Что я мог ему ответить? Ида, и нет: конечно, по женской и вместе с этим кое-что другое, поглубже и поядовитее, – но про Самбуко я еще никому не рассказывал и сейчас тоже не смог. Я промямлил что-то насчет влажности.
Тогда (чутье ему не изменило) он сказал:
– Я знаю. Знаю, Питер. В жалкое время живем. – Зажегся зеленый свет, и мы рванули с места. – Жалкое время. Пустое время. Серое время. В воздухе прямо пахнет гнилью. А главное – будет еще хуже. Это ты понимаешь? Почитай Карлейля. Почитай Гиббона. Возьми время вроде нашего, когда люди блудят с фальшивыми богами, когда второй от конца – это уже первач, когда кидаются на все, лишь бы было новым, гладким, забористым, – и к чему ты в конце концов приходишь? К моральной и духовной анархии, вот к чему. Потом – к политической анархии. А потом? К диктатуре! У нас в штате мы ее получили, – добавил он и выплюнул имя здешнего проконсула, чьи дела питали его возмущение вот уже тридцать лет.
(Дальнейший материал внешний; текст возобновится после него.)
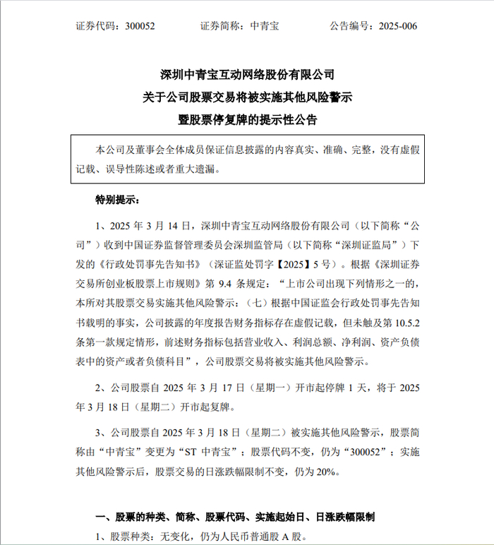 3月16日晚间,“网游第一股”中青宝(SZ300052)发布关于公司及相关当事人收到《行政处罚事先告知书》的公告及公司股票交易将被实施其他风险警示暨股票停复牌的提示性公告。

Редкий и удивительный человек мой отец. Родись он на Севере, он мог бы, я думаю, стать радикалом старой закваски. А так – добрый англиканец, волей обстоятельств очутившийся в самом жестоковыйном приходе по сю сторону Кентербери, [8]– он умудрялся поддерживать шаткое равновесие между своей искренней набожностью, с одной стороны, и широкими человечными взглядами – с другой, и эта трудная работа сделала его, наверно, единственным подлинным либералом из всех, кого я знал. Быть таким в Нью-Йорке – проще простого, но на Юге это не всякому крепкому человеку по плечу. Он жаждал мудрости, понимания, как другие жаждут известности и денег, и думаю, что в большой мере достиг и того и другого. Он был одним из немногих в Порт-Уорике, кто прочел на своем веку книгу. Возраст чуть согнул и подсушил его – но не жизнь, и в моих глазах он вырастал все больше. Я никогда не встречал более порядочного человека, и если в последние годы речи его иногда бывали раздраженными, нравоучительными и многословными, то я могу это понять, ибо предмет его гнева – низость и лицемерие – стал непомерным даже для человека его стати. «Сын, жизнь есть поиски справедливости», – сказал мне этот старый чертежник и даже не подумал смутиться перед огромностью своего изречения. Теперь я знаю: он ее так и не отыскал; но гораздо важнее, наверное, то, что в своих одиноких поисках он шел через погибели любви, через скорби радости.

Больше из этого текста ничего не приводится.